* [Task instructions]: Please set down exactly the lines of the listing below from the line containing "mysql -u root -p,再输入密码,出现如上所示即为运行成功。" through the line containing "Elevate your work", both lines included, leaving out all other lines.

* [Extracted records]:
##########

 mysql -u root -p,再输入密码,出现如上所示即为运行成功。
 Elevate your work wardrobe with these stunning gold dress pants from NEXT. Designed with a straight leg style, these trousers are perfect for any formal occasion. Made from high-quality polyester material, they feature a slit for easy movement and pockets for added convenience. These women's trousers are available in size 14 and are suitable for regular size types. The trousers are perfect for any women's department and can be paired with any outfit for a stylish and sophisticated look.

##########

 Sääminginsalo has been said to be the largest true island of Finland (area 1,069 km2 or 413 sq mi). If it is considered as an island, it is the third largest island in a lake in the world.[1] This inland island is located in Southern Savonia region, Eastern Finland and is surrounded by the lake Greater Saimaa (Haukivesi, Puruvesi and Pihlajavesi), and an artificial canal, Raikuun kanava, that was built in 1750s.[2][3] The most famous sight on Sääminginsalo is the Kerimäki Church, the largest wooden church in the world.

##########

* [Finished task]:
 mysql -u root -p,再输入密码,出现如上所示即为运行成功。
 Elevate your work wardrobe with these stunning gold dress pants from NEXT. Designed with a straight leg style, these trousers are perfect for any formal occasion. Made from high-quality polyester material, they feature a slit for easy movement and pockets for added convenience. These women's trousers are available in size 14 and are suitable for regular size types. The trousers are perfect for any women's department and can be paired with any outfit for a stylish and sophisticated look.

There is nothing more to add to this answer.